Why is this the case? It is because we calculated that Anaheim was roughly a -40 AB this season, which resulted in costing them over 67 goals at the margin. This was the second worst in the NHL and last in the western conference. What do we mean goals at the margin? This is the accumulation of Advanced Bracton scores adjusted for time on ice of the individual players. In other words, the propensity of Anaheim to make mistakes that result in goals for the opponent was unequaled in the Western Conference. For this reason alone, we were shocked that they even made the playoffs. We admit there must be some intangible that we do not currently measure that resulted in their success the past two regular seasons but we are at a loss as to what that may be. ANA remains an egregious outlier according to our work; juxtaposed against every other team in the league (except Columbus), they have been dreadful at costing their own team goals.
So, as part of an ongoing column, what follows is a list of players that are part of the solution (meaning keepers) as well as those who are part of the problem (meaning divest of them, hurry, preferably in your own division, like VAN did to ANA with Kevin Bieksa last offseason).
Therefore, the “solutions” are as follows – these are players in the upper reaches of the NHL with respect to AB score – ANA only has two – Richard Rakell, who produced 11.92 goals at the margin and Ryan Kesler who generated 4.15. Relative to other teams, there is not enough heft at the top of the production chart to compensate for ANA players who are part of the problem.
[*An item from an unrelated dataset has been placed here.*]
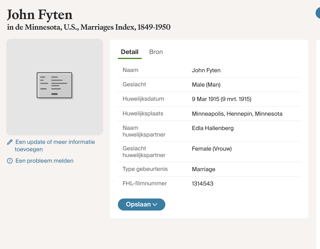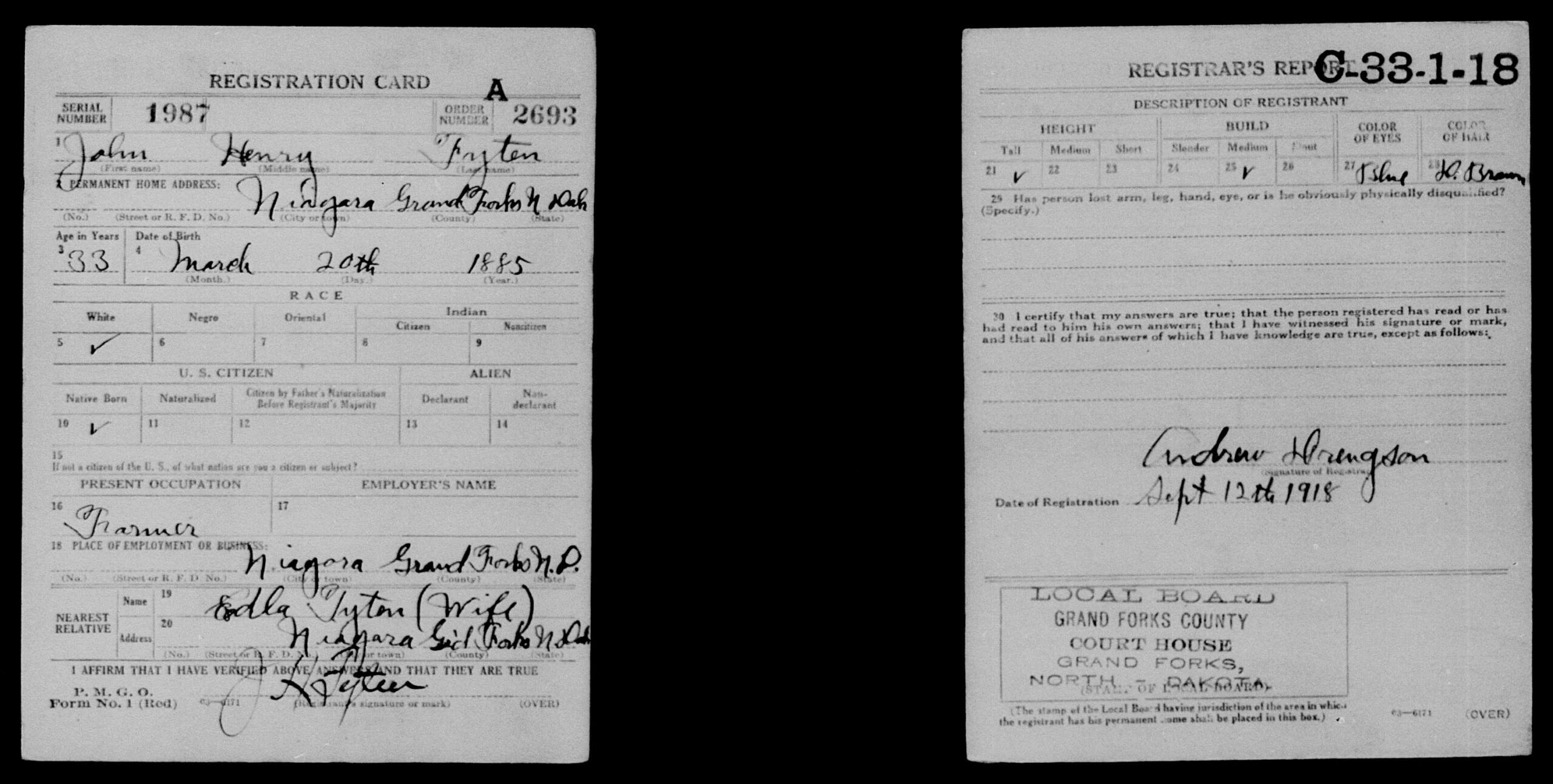 Geregistreerd onder de naam: John Henry Fyten. Hij werkt als zelfstandig boer (Farmer) en woont met zijn vrouw Edla in Niagara, Grand Forks County, North Dakota.

These include:
Cam Fowler (-5.29), Chris Stewart (-6.24), David Perron (-10.92), Andrew Cogliano (-7.38), Nate Thompson(-8.24), Kevin Bieksa (told you so, -9.09), Clayton Stoner (-11.85) and Shawn Horcoff (-17.84, one of the top 5 the worst AB in the NHL). There has not been a team with this many players whose propensity to make mistakes is so pronounced, to have made the playoffs in the past three seasons….except ANA. It drives us crazy.
Bottom line; ANA has more problems than solutions; they were exposed in this series; save for a dismal power play by NSH, this series would not have come close to seven games. ANA has a lot of work to do in this offseason and shedding themselves, by either trade or attrition of the players mentioned above, may give them a better chance for advancement in the playoffs next season.